## PROBLEM DETAILS
Output a faithful copy of the entries, every picture removed.

## AVAILABLE DATA

┄┄┄┄┄┄┄┄┄┄

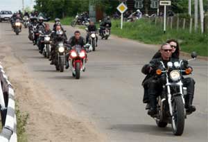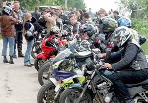 В Большом Селе мы снова были сбиты с толку. Теперь мы были поражены жесткой дисциплиной внутри коллектива. Удивительно при этом, что никаких формальных обязательств не существует. Все держится на негласном соглаcии следовать правилам. Если уж сказал президент ярославского клуба «Черные медведи» - Сергей Потапов - на территории детского дома не курить – никто не курит, все понимают - дети. Если сказал едем – значит едем, и без него понятно, раз тут больше делать нечего. Если приказ не противоречит голосу разума – почему бы не послушаться. Никаких милицейских машин сопровождения, за безопасностью колонны следят сами байкеры. Когда колонна выезжает откуда-то или поворачивает, кто-то из своих перегораживает дорогу, во избежание несчастных случаев, а может, чтобы просто не потерялись на незнакомом маршруте. Но на бесшабашных водителей такая организация совсем не похожа.
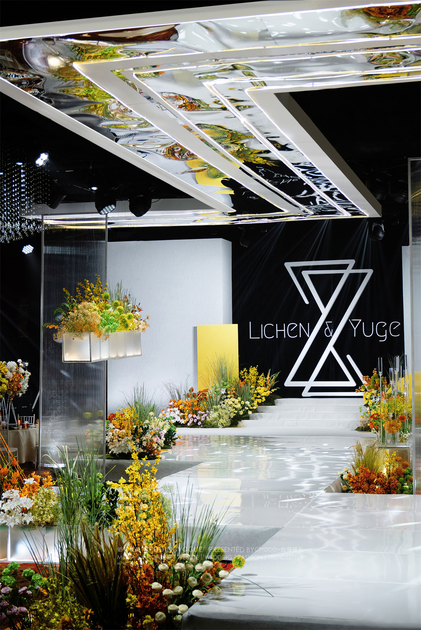 作为秀场风设计的一部分,通往仪式区的走廊其形式也有了更多不同呈现的可能,在这里,它应该被称为“Z台”。
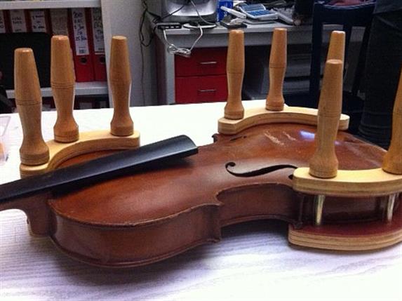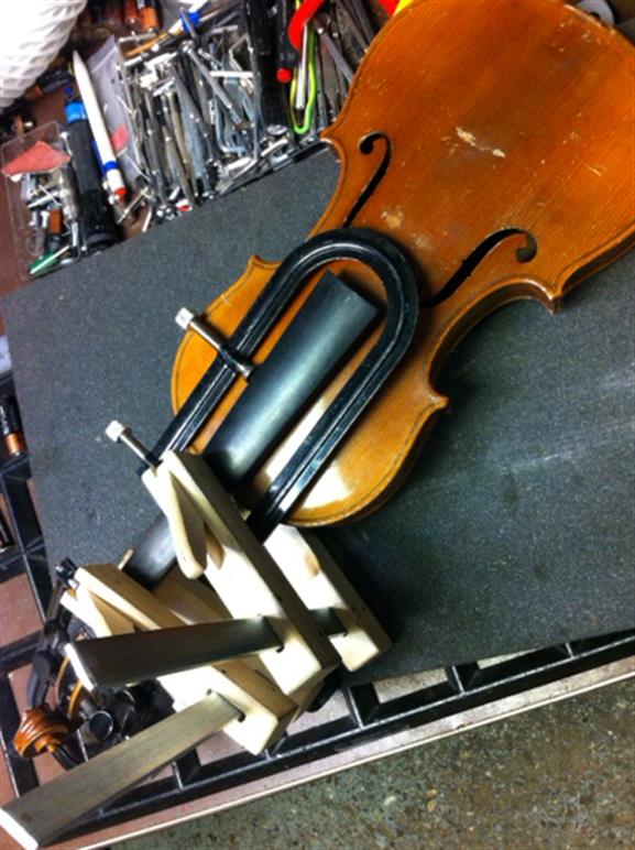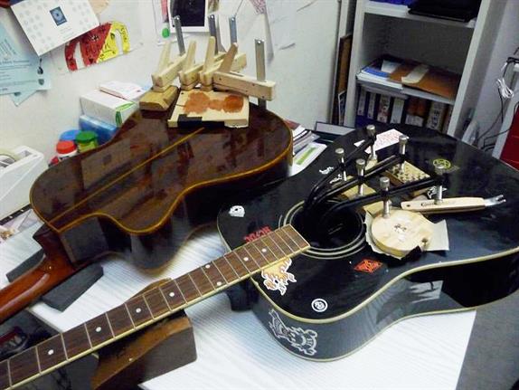 Regelmatig liggen ze in de lijmklemmen: Violen, die zijn binnen gebracht voor kleine reparaties of een opknapbeurt. Maar ook gitaren, die bijvoorbeeld gevallen zijn, kunnen veelal in de lijmklemmen worden gezet en hersteld worden. Al heel veel klanten zijn blij de deur uitgegaan met hun weer glimmende instrument. Vooral in het repareren en opknappen van violen is Stage Music Service gespecialiseerd. Kammetjes op maat maken, nieuwe mechanieken monteren, snaren opzetten, stemmen en bij hele oude violen wordt altijd even de bouwer nagecheckt, want wie weet… Aan elektrische gitaren worden alleen kleine reparaties verricht, zoals:
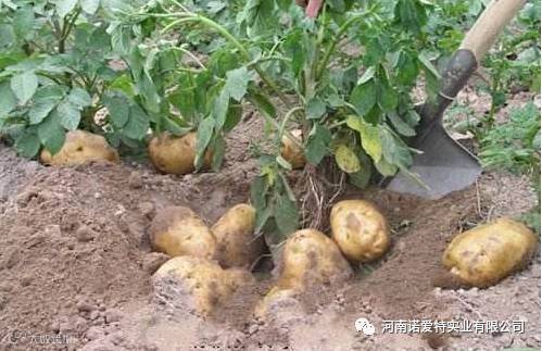 土豆在整个生育期施肥应掌握“攻前、保中、控尾”原则,当幼苗出土80%时重施一次速效提苗肥,在土豆苗期开始喷施地果壮蒂灵使地下果营养运输导管变粗,提高地果膨大活力,果面光滑,果型健壮,优质高产。土豆喜施用农家肥,每亩以4000—5000斤为宜,同时适当施用化肥时要氮、磷、钾配合使用。土豆对钾需要量大,科学合理的氮、磷、钾投肥比例是1.85:1:2.1。土豆喜欢吸收铵态氮,对硫的吸收比较多。
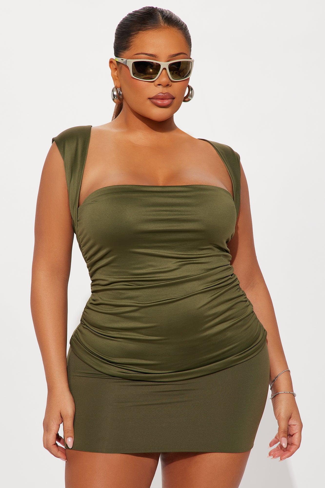 Contour Double Lined Straight Neck Tank Top - Military Green Female
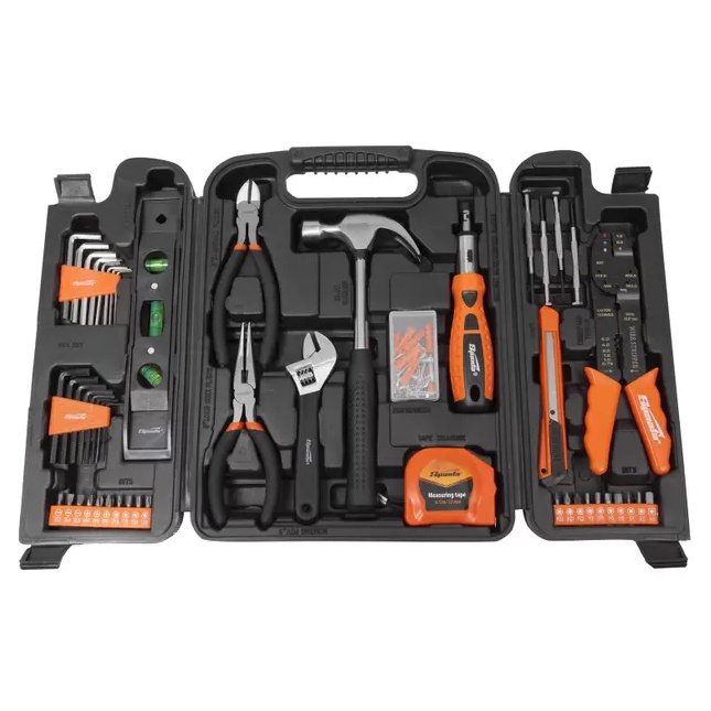 Maleta de Ferramentas Kit 129 Peças Essenciais para Casa 123 Útil Chaves Alicates Martelo Nível Estilete Trena
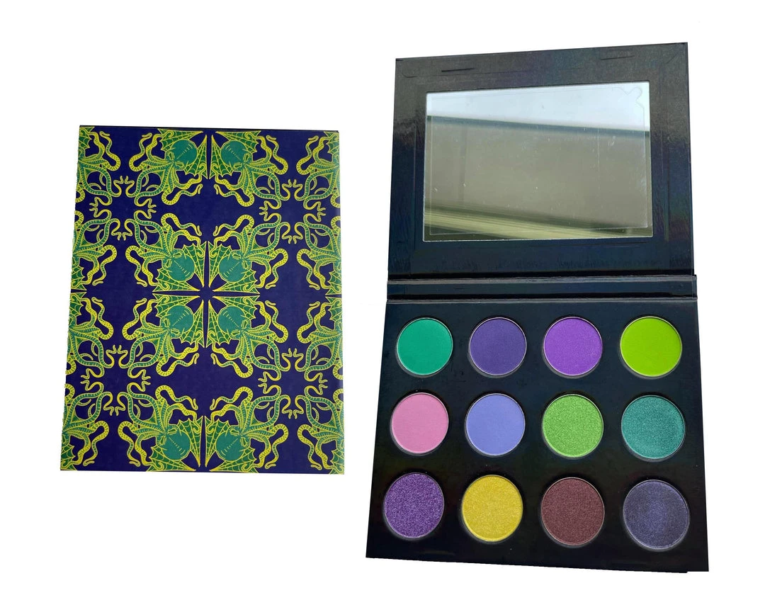 All vegan and cruelty free, our Daddy Cthulhu palette contains 12 distinct shades to set off your eyes in the most bewitching way. Contains cosmetic safe talc, made in the USA.

┄┄┄┄┄┄┄┄┄┄

## PROBLEM SOLUTION
 В Большом Селе мы снова были сбиты с толку. Теперь мы были поражены жесткой дисциплиной внутри коллектива. Удивительно при этом, что никаких формальных обязательств не существует. Все держится на негласном соглаcии следовать правилам. Если уж сказал президент ярославского клуба «Черные медведи» - Сергей Потапов - на территории детского дома не курить – никто не курит, все понимают - дети. Если сказал едем – значит едем, и без него понятно, раз тут больше делать нечего. Если приказ не противоречит голосу разума – почему бы не послушаться. Никаких милицейских машин сопровождения, за безопасностью колонны следят сами байкеры. Когда колонна выезжает откуда-то или поворачивает, кто-то из своих перегораживает дорогу, во избежание несчастных случаев, а может, чтобы просто не потерялись на незнакомом маршруте. Но на бесшабашных водителей такая организация совсем не похожа.
 作为秀场风设计的一部分,通往仪式区的走廊其形式也有了更多不同呈现的可能,在这里,它应该被称为“Z台”。
 Regelmatig liggen ze in de lijmklemmen: Violen, die zijn binnen gebracht voor kleine reparaties of een opknapbeurt. Maar ook gitaren, die bijvoorbeeld gevallen zijn, kunnen veelal in de lijmklemmen worden gezet en hersteld worden. Al heel veel klanten zijn blij de deur uitgegaan met hun weer glimmende instrument. Vooral in het repareren en opknappen van violen is Stage Music Service gespecialiseerd. Kammetjes op maat maken, nieuwe mechanieken monteren, snaren opzetten, stemmen en bij hele oude violen wordt altijd even de bouwer nagecheckt, want wie weet… Aan elektrische gitaren worden alleen kleine reparaties verricht, zoals:
 土豆在整个生育期施肥应掌握“攻前、保中、控尾”原则,当幼苗出土80%时重施一次速效提苗肥,在土豆苗期开始喷施地果壮蒂灵使地下果营养运输导管变粗,提高地果膨大活力,果面光滑,果型健壮,优质高产。土豆喜施用农家肥,每亩以4000—5000斤为宜,同时适当施用化肥时要氮、磷、钾配合使用。土豆对钾需要量大,科学合理的氮、磷、钾投肥比例是1.85:1:2.1。土豆喜欢吸收铵态氮,对硫的吸收比较多。
 Contour Double Lined Straight Neck Tank Top - Military Green Female
 Maleta de Ferramentas Kit 129 Peças Essenciais para Casa 123 Útil Chaves Alicates Martelo Nível Estilete Trena
 All vegan and cruelty free, our Daddy Cthulhu palette contains 12 distinct shades to set off your eyes in the most bewitching way. Contains cosmetic safe talc, made in the USA.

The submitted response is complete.